O corporativismo é uma marca do Congresso. Legislatura após legislatura, deputados e senadores fazem o possível e o impossível para não punir os colegas, criando uma rede de solidariedade e de autoproteção que acaba beneficiando todos os parlamentares. A lógica é simples: quem blinda hoje será blindado amanhã, independentemente da coloração partidária.
Em tempos de polarização, no entanto, fissuras têm aparecido no conhecido espírito de corpo do Legislativo. Prova disso é o debate que será realizado pelos deputados sobre pedidos de cassação de mandato, cujos alvos são expoentes tanto do governo quanto da oposição.
O caso mais encaminhado é o do deputado Glauber Braga (PSol-RJ). Em abril, o Conselho de Ética da Câmara recomendou a sua cassação por ter agredido um militante do Movimento Brasil Livre (MBL) que o havia provocado com perguntas sobre o estado de saúde de sua mãe, que morreria logo depois.
Considerado um desafeto do Centrão, grupo ao qual faz oposição ferrenha, Braga dificilmente escapará da punição, que depende apenas de votação no plenário da Câmara. Colada a ele na fila, aparece a deputada Carla Zambelli (PL-SP), que foi condenada pela Primeira Turma do Supremo Tribunal Federal (STF) a dez anos de prisão por falsidade ideológica e invasão ao sistema do Conselho Nacional de Justiça (CNJ).
Após a decisão do STF, governistas fizeram pressão sobre o presidente da Câmara, Hugo Motta (Repúblicanos-PB), para que a perda do mandato fosse realizada imediatamente. Integrantes do PL, partido de Jair Bolsonaro, agiram em sentido contrário, o que levou Motta a despachar o caso da deputada para a Comissão de Constituição e Justiça (CCJ), onde aguarda parecer.

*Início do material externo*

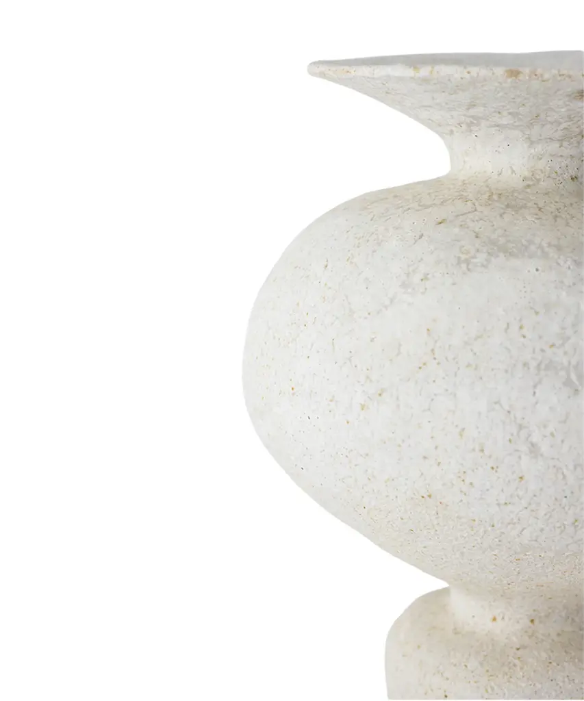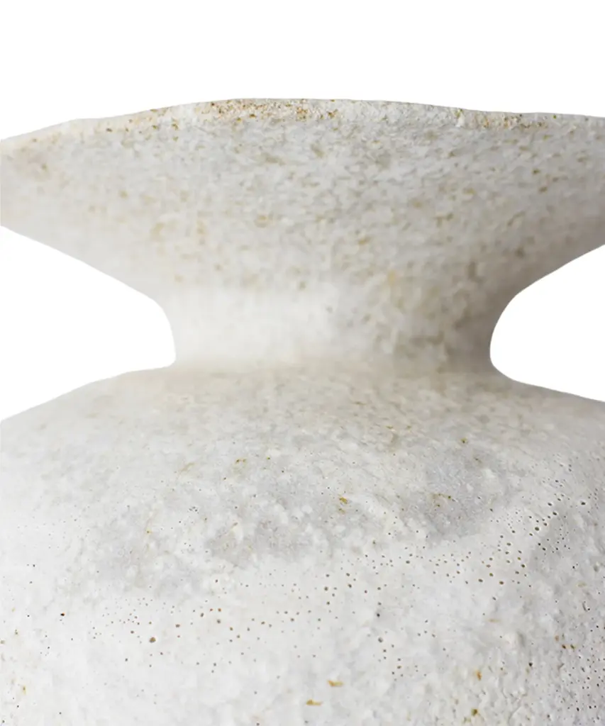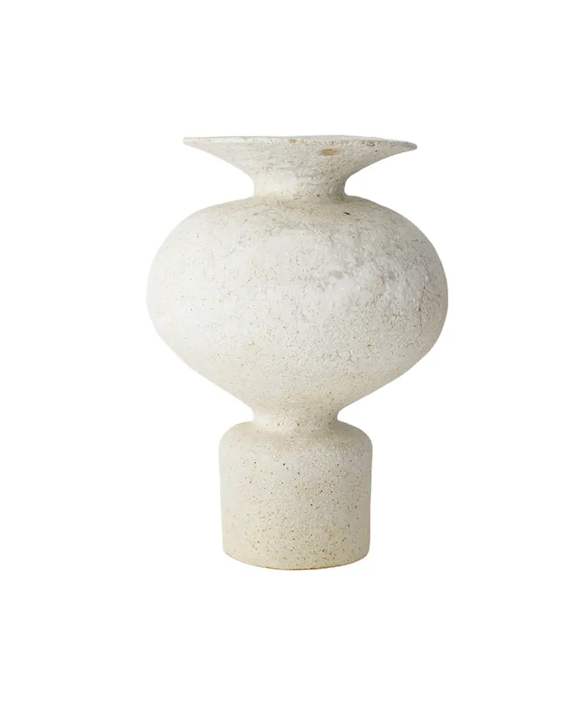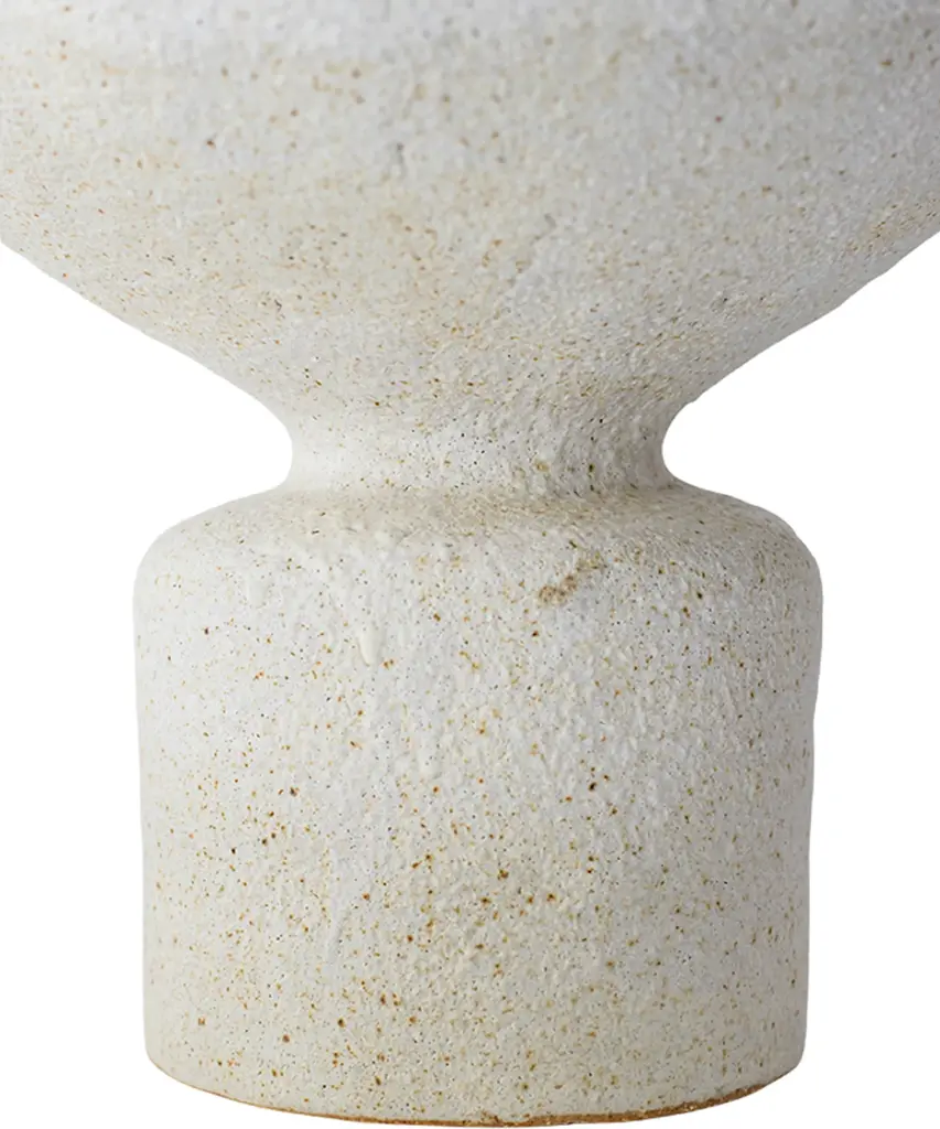 The "Isolated" series by Canoa Lab is comprised of reworked and redesigned forms and shapes from ancient Mediterranean vases. Each piece is designed in isolation and with larger dimensions, using the coiling technique. In some of these vases, metal is used, by employing precious metalworking techniques, such as wax-modelling and lost-wax casting. All of the pieces in this series are made of stoneware with grog from Manises (Valencia), and self-formulated glazes. The metal pieces are made of cast brass. The stoneware vase in handmade to order by the Valencia-based studio, Canoa Lab.
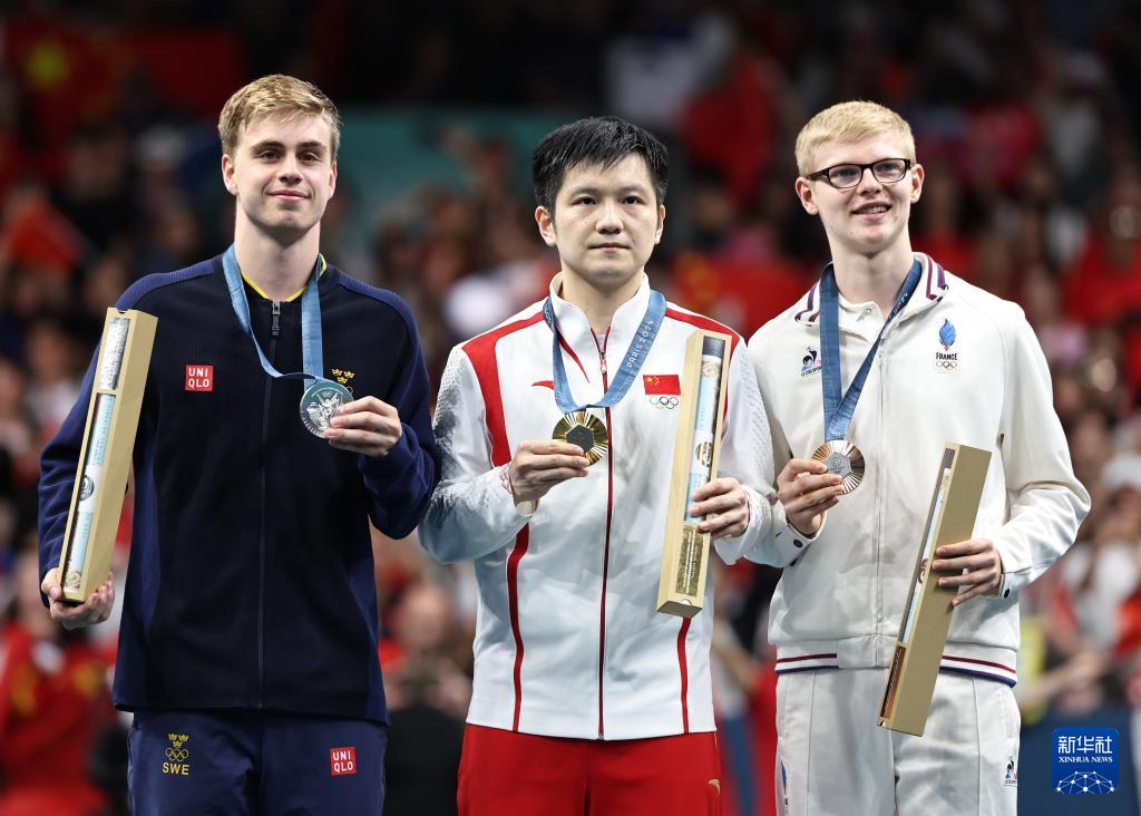 8月4日,冠軍中國(guó)選手樊振東(中)、亞軍瑞典選手莫雷高德(左)、季軍法國(guó)選手菲利克斯·勒布倫在頒獎(jiǎng)儀式上。
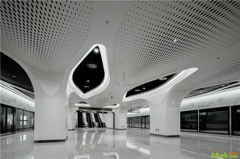 纯净而谦逊的色彩与丰富明亮的内部空间带来的双重性体验。室内天花造型参考了环球中心的流动性和延续性,不仅与室外建筑环境形成了巧妙的联合,还以一种瞩目的方式展示出了自身与众不同的艺术气质。
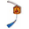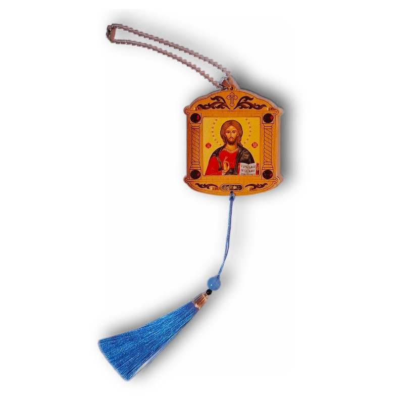 Tradiční přívěsek do auta s ikonou Krista Pantokratora (Vševládce), zobrazující Spasitele s požehnáním a otevřeným evangeliem. Ikona v teplých zlatavých tónech je zasazena do jemně zdobeného rámu a doplněna modrým střapcem s korálkem. Symbol víry, naděje a klidného putování.
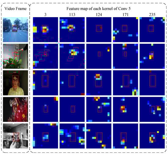 In order to verify these hypotheses, we use the “blurcar1”, “coke”, “david”, “soccer”, and “toy” video sequences in the benchmark set to perform experiments. The response of each object for different convolution kernels in the Conv5 convolution layer is shown in Figure 2.
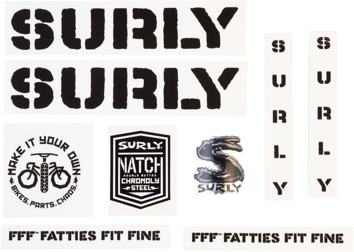 Further personalize your unique Surly bike with one of four Surly Make It Your Own Decal Sets, featuring alternative fonts and designs for the discerning rider. Stickers may also be affixed to helmets, mini fridges, dog food bowls, and more.
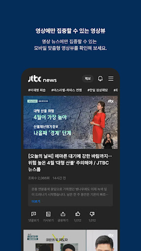 뉴스 현장의 모든것, 확 달라진 JTBC 뉴스앱에서 쉽고 빠르게 경험해 보세요! 1) 한눈에 보는 콘텐츠 놓치면 안 될 라이브부터 JTBC 뉴스룸, 디지털 오리지널 그리고 인기 있는 쇼츠까지 한곳에서 볼 수 있어요. JTBC만의 다양하고 풍부한 콘텐츠를 확인해 보세요. 2) 신속하고 정확하게 지금 모두가 주목하고 있는 이슈를 빠르게 타임라인에서 확인할 수 있어요. 긴급한 뉴스 속보가 있을 때는 누구보다 빠르게 받아볼 수 있어요. 3) 뉴스에만 몰입 영상에만 집중할 수 있도록 고화질 영상을 제공해요. 뉴스에 몰입할 수 있도록 영상을 끊이지 않게 연속으로 볼 수 있어요. 4) 편안한 환경 확 달라진 뉴스 플랫폼에서 관심 기사를 스크랩하고, 기사를 듣고, 더욱 편리해진 가독성을 경험해 보세요. 5) 꼭 맞는 콘텐츠 마음에 드는 콘텐츠가 있으면 구독해 보세요. 내 취향에 딱 맞는 콘텐츠를 추천해 드려요. 알림으로 받아볼 수 있는 기회도 놓치지 마세요. 6) 기자들과 직접 소통 기자들과 이야기를 나눌 수 있는 공간입니다. 나의 관심 기자가 직접 운영하는 기자톡에서 소통하며 제보와 응원의 한마디를 보내 보세요. *Android 6.0 미만 버전에서는 일부 서비스에 제한이 있을 수 있으니 최신 버전으로 업데이트 부탁드립니다.[고객센터 안내] 이메일: jtbchelp@jtbc.co.kr 전화번호: 02-751-6000 ---- 개발자 연락처 : - 주소 : 서울시 마포구 상암산로 48-6 1층 - 전화번호 : 02-751-6000 - 사업자등록번호 : 104-86-33995 - 통신판매업신고번호 : 2017-서울마포-0896 - 발행기관 : 공정거래위원회 ---- 개발자 연락처 : (주)제이티비씨 마포구 상암산로 38 (상암동) 마포구, 서울특별시 03909 South Korea 1048633995 2017-서울마포-0896 서울특별시 마포구
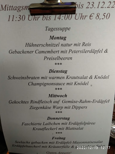 Read moreGrundsätzlich ein tolles Lokal, aber die Kellnerin vom 24.1 eine absolute Katastrophe. Ich würde keine Sterne verteilen für diese Unart. Wir waren um 19 uhr dort, um 8 wollte meine Begleitung einen Cafe, da bekam sie alt Antwort das die Kellnerin schon die Cafe Maschine geputzt hat und das sie um 10 zusperren will.... Um kurz nach 9 wurde die Beleuchtung und die Musik abgedreht und die Kerzen ausgeblasen (außer auf den Tischen die noch besetzt waren) zu dem Zeitpunkt waren noch ca 11 Personen im Lokal. Um 21:40 wollte ich noch etwas zu trinken haben, dann sagte sie zu allen Gästen genervt "will sonst noch jemand was zu trinken, das ist die letzte Runde".... So ein Benehmen hatte ich zuvor noch nie erlebt, sie wirkte generell genervt. Die Gäste anfauchen ein...
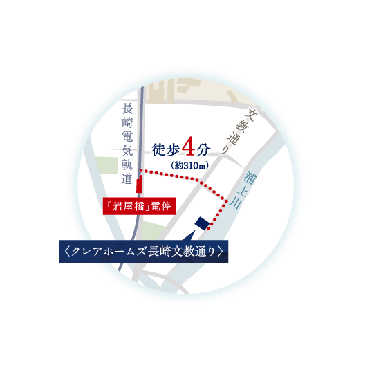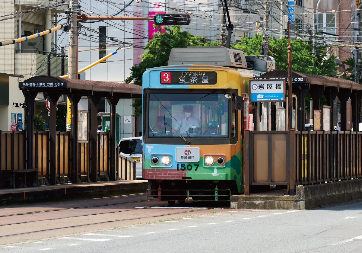 最寄りの「岩屋橋」電停へはフラットに徒歩4分。通勤、お出かけなど中心市街地へ快適にアクセスできます。
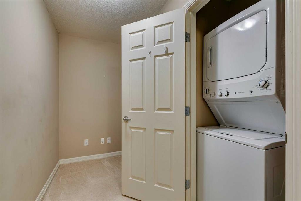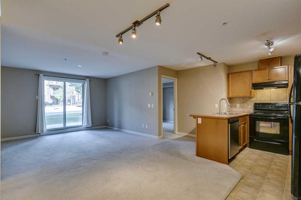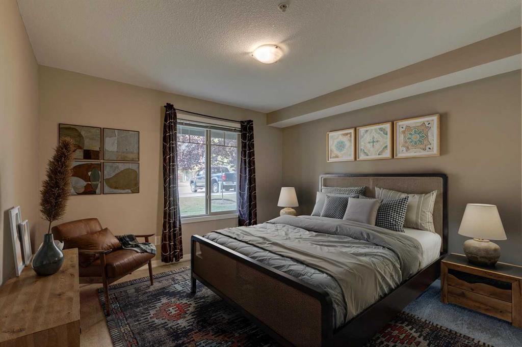 This well-kept main floor condo offers practical living with 2 bedrooms, 2 full bathrooms, and a den. Ok, you got me, it’s a tiny nook that is barely big enough for a desk, but the developer called it a den, so I am too. The open layout has a bright living and dining area that connects to an efficient kitchen with lots of counter space, a pantry, and room for a few stools at the peninsula. The primary bedroom is big enough for a king bed, has a large walk-through closet, and a full 4pc ensuite. The spare bathroom features a walk-in shower. The unit includes heated underground parking with a storage cage in front, and the parkade also has a car wash bay, making winter living easier. The building is well managed with amenities that include a fitness center, sauna, steam room, hot tub, and a recreation room with a kitchen and pool table. Outside, there is a shared BBQ and picnic space, and Crystal Ridge Golf Course is only minutes away. You’ll also be able to enjoy lake access, with year-round activities like fishing and skating this winter, or swimming and paddling next summer. Note: some images have been virtually staged.
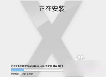 4.點按“安裝”。Mac OS X 安裝期間,屏幕底部會顯示一個狀態欄。
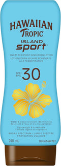 The Hawaiian Tropic Island Sport Sweat Resistant Sunscreen Lotion SPF 30 has been tested by skin doctors. The lotion has the classic tropical smell that Hawaiian Tropic products are known for. It contains specific botanicals inspired by the islands, which add to the product's appealing scent. This bottle contains 240mL of the lotion, making it a great size for your beach bag or gym locker.
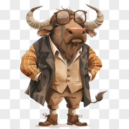 插画拟人水牛免抠素材
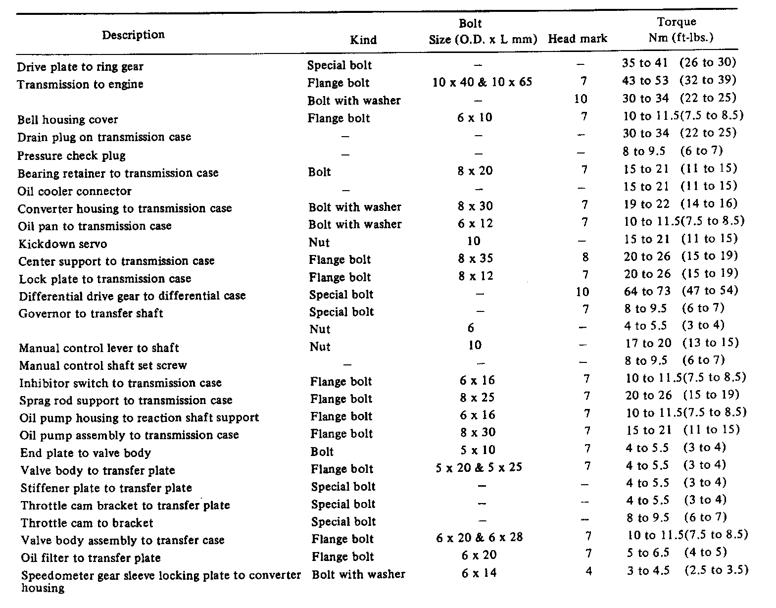 Torque Specifications
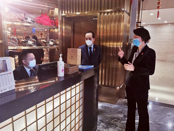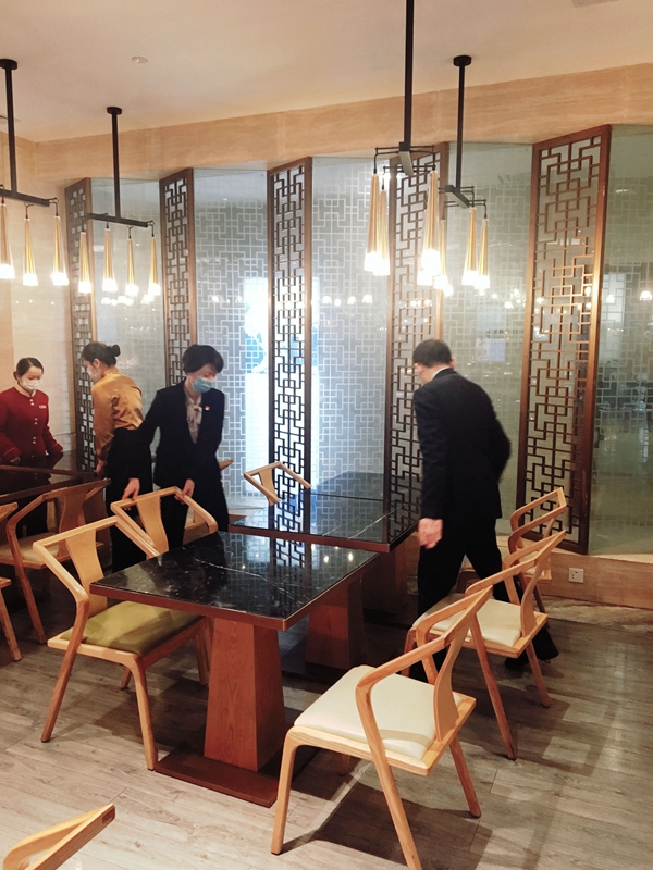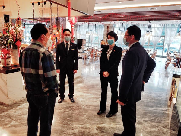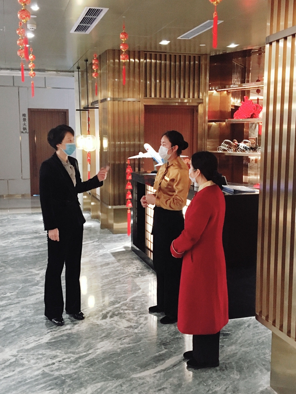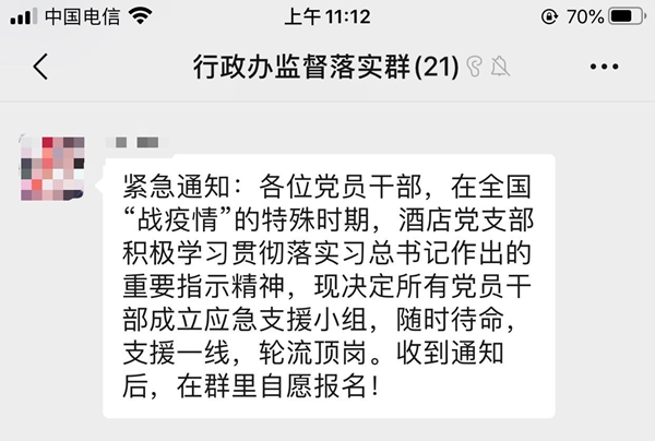 1月27日,酒店党支部吹响了党员干部应急支援集结号,在餐厅、在大堂、在客房,党员干部排好每天的班次,轮流为一线的员工轮班替班,让还未来得及休息的员工好好休息,让无法回来上岗的员工放慢回归的步伐,让无法回家团年的员工感受到大家庭的温暖,让无法和亲人团聚,内心对亲人健康焦急的情绪得以纾解。
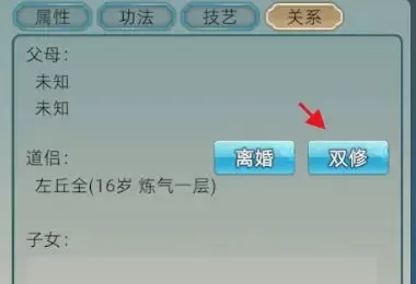 玩家与玩家、玩家与弟子、弟子与弟子之间均可进行双修,具体条件参考游戏内规则。
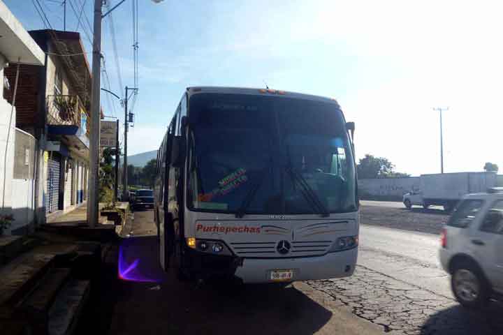 Un autobús de pasajeros embistió a un automóvil por alcance, cuando ambos eran tripulados en el mismo sentido sobre la carretera libre Uruapan - Pátzcuaro, por fortuna sin lesionados y sólo daños materiales.
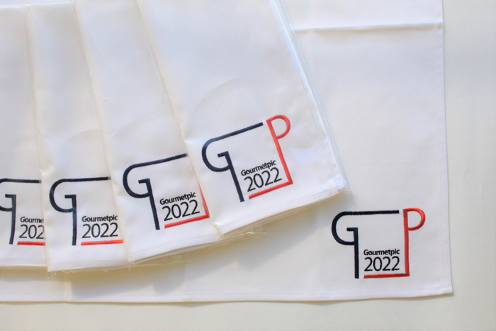 ロゴマークが右下に刺繍されたトーションを配布します。
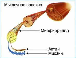 Некоторые клетки организма способны сокращаться и перемещаться, благодаря наличию сократительных белков. К сократительным белкам относятся актин и миозин, которые вызывают сокращение мышц и сокращение мышечной ткани (Рис. 4).

Zambelli preferiu não esperar pela pena do STF e o julgamento dos colegas e fugiu do país. Na terça-feira 29, ela foi presa em Roma, na Itália, e depois transferida para um presídio. O governo Lula trabalhará por sua extradição, e a base aliada retomará a ofensiva para que a outrora estrela bolsonarista tenha o mandato cassado.
O grande embate, no entanto, deve ocorrer no caso do deputado federal Eduardo Bolsonaro (PL-SP), que se licenciou do mandato, mudou para os Estados Unidos e, de lá, ajudou a convencer o presidente dos Estados Unidos, Donald Trump, a anunciar um tarifaço sobre produtos brasileiros, além de sanção ao ministro do STF Alexandre de Moraes.
A bancada do PT na Câmara quer a cassação de Eduardo Bolsonaro, alegando que ele conspira contra a soberania e a economia do país. Não será fácil atingir esse objetivo. O Centrão, que costuma ser o fiel da balança nas votações, não quer saber dessa briga nem de tomar partido na polarização. Além disso, os oposicionistas apostarão na estratégia de criar mais confusão.
Uma das ideias dos aliados do ex-presidente Bolsonaro é retomar a tentativa de cassar o mandato de André Janones (Avante-MG), aliado de Lula, usando como base o acordo que o deputado fechou com a Procuradoria-Geral da República no qual concorda devolver 130 000 reais à Câmara como reparação pela prática de rachadinha em seu gabinete. Rompido o pacto corporativista, é cada um por si.